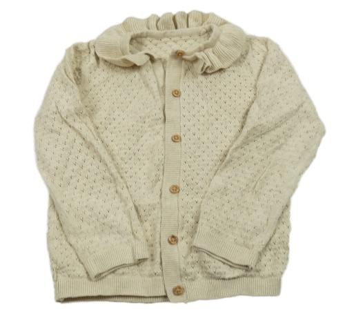 Béžový perforovaný propínací svetr s volánkem Tu
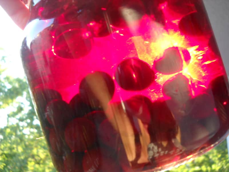 Ξανακλείνουμε ερμητικά, ανακινούμε καλά για να ανακατευθεί και να ενωθεί με το υγρό που έχουν βγάλει τα βύσσινα και η ζάχαρη, και το αφήνουμε για άλλον 1 μήνα. Και εδώ η προφύλαξη με τη μεμβράνη, που κλείνει το καπάκι αεροστεγώς, βοηθάει να μην εξατμισθεί το αλκοόλ.
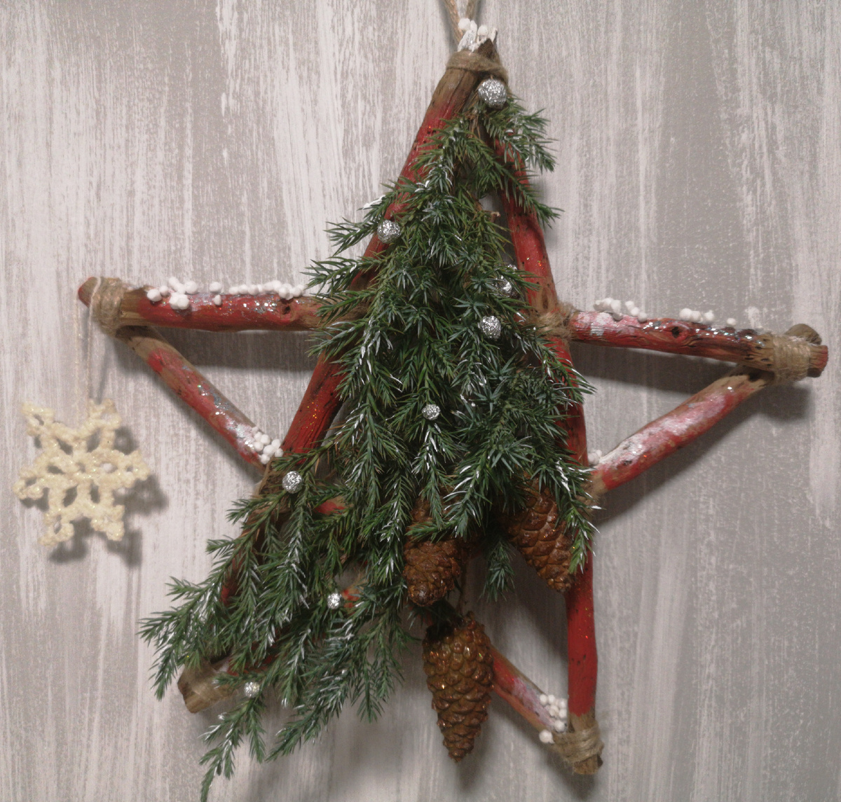 Честно признаюсь - не люблю венки. Не хочу. Последнее время всякие "клаусы", венки и прочее меня отторгают. Потому что мне больше по душе Дед Морозы, сани с лошадьми и.... звезды! Да! Я родом из советского детства и когда увидела в магазине Симферополя поделку "Звезда", сделанную из веток, сразу придумала свою интерпретацию "звезды". Я считаю красные звезды на макушках сосен знаком качества нашей советской ментальности, как у китайцев таким знаком являются бумажные фонарики. И, да. Клаус с оленями могут висеть на елках, как и мини-веночки в виде игрушек, но внизу обязательно должен стоять Дед Мороз со Снегурочкой, а на верхушке гореть красная звезда

_WHAT YOU SHOULD DO_
From the first line of the material down to the line containing "Ξανακλείνουμε ερμητικά, ανακινούμε", inclusive, return each line exactly, skipping any picture.

_ANSWER SECTION_
 Béžový perforovaný propínací svetr s volánkem Tu
 Ξανακλείνουμε ερμητικά, ανακινούμε καλά για να ανακατευθεί και να ενωθεί με το υγρό που έχουν βγάλει τα βύσσινα και η ζάχαρη, και το αφήνουμε για άλλον 1 μήνα. Και εδώ η προφύλαξη με τη μεμβράνη, που κλείνει το καπάκι αεροστεγώς, βοηθάει να μην εξατμισθεί το αλκοόλ.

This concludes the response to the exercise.